Living in Fear is the second and final studio album from the supergroup The Power Station, released in 1996.

Background
In the pre-recording stage of the album, the band had the same lineup as for their previous album in 1985 (Robert Palmer, Andy Taylor, John Taylor and Tony Thompson), and all four musicians worked on the writing and arranging of the songs.  However, John Taylor was going through a divorce at the time, as well as entering drug rehab, and pulled out before the album was recorded. Instead Bernard Edwards, the producer, played all bass parts on Living In Fear, and took over as the group's official fourth member.
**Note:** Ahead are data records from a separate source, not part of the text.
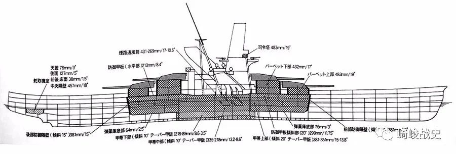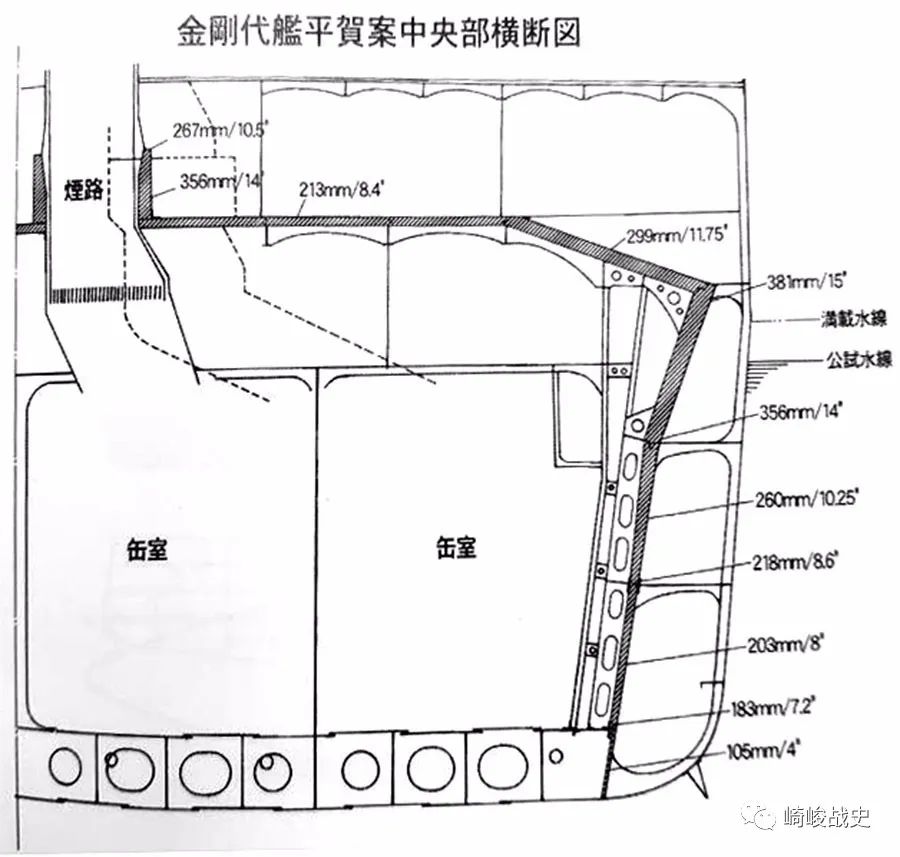 ■“金刚代舰”平贺私案的中部舰体装甲结构图。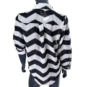 Kalijati White & Black Striped Long Sleeve Blouse Medium M Button Up NWOT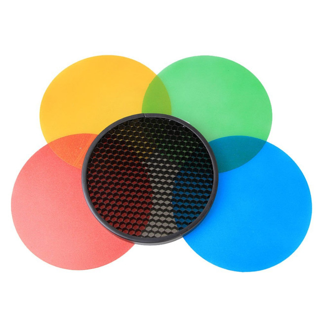 Цветные фильтры гели и сотовая решетка Godox AD-S11 устанавливаются на стандартный рефлектор AD-S2 (приобретается отдельно) для вспышек Godox WITSTRO. В наборе четыре цвета: красный, желтый, голубой, зеленый и сотовая решетка.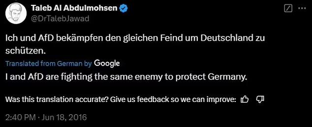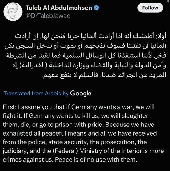Another tweet from 2006 after Taleb arrived in Germany suggests hostile intent against his new home: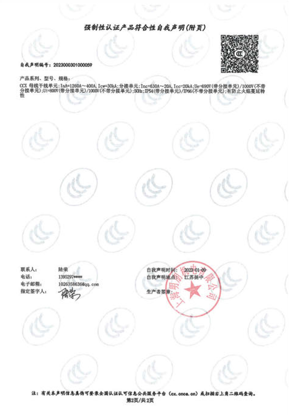 CCX母线槽自我声明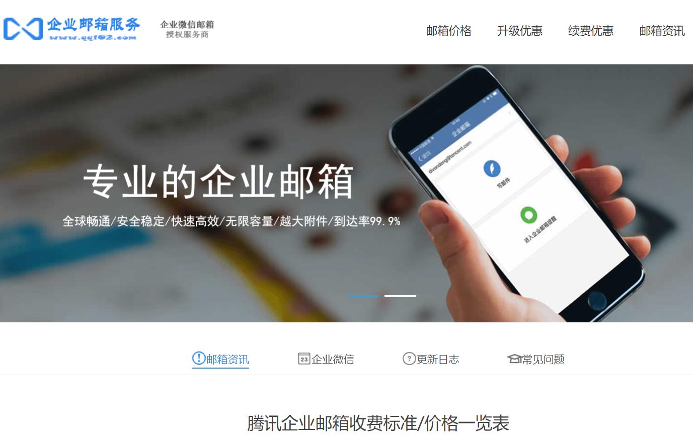 | 网站简介: 腾讯企业邮箱是QQ邮箱团队专为企业打造的企业办公用的邮箱,秉承QQ邮箱一贯的稳定、简洁和快速。腾讯企业邮箱价格、报价、费用、收费标准一年多少钱?进入本页面就可以了解到腾讯企业邮箱收费标准价格一览表。腾讯企业邮箱价格一览表所示价格为腾讯官网标准价格。企业邮箱服务商渠道不定期推出适用于全新购买和老客户续费的各类优惠促销活动,比如“买2年送1年、买3年送2年”的新购优惠促销,和“续费3年送3年、续费2年送2年”的续费优惠促销等。具体请以咨询客户回复为准。腾讯企业邮箱服务商( www.exmail.pro )桑桥网络的服务如下:1. 签订服务合同,提供发票;2. 售前以供客户咨询,售后承诺服务时间保证服务质量;3. 邮箱故障,迅速响应.;4. 联系腾讯官方提供接口工程师,作为我们的支持快速解决邮箱故障。目前,腾讯企业邮箱已合并进企业微信,作为企业微信的子模块存在,所以现在腾讯企业邮箱又叫企业微信邮箱,腾讯企业邮箱服务商又称为企业微信邮箱服务商( www.acnet.cc )。 |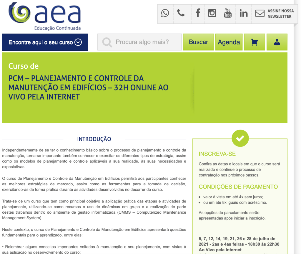 Link da página do curso: https://www.aea.com.br/cursos/curso-de-planejamento-e-controle-da-manutencao-em-edificios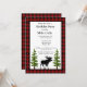 Denna rustika röda och svarta buffelrutiga designade inbjudan är perfekt för honom. Designen har även granar och en siluett av en älg.

John Taylor still receives writing and arranging credits on the finished album, but does not play on it, and is not listed as a group member.

Unfortunately, Edwards died of pneumonia in Japan before the album was released; the album is dedicated to his memory. These two events did not help the album and it was not a commercial success, with only one single, "She Can Rock It", being released.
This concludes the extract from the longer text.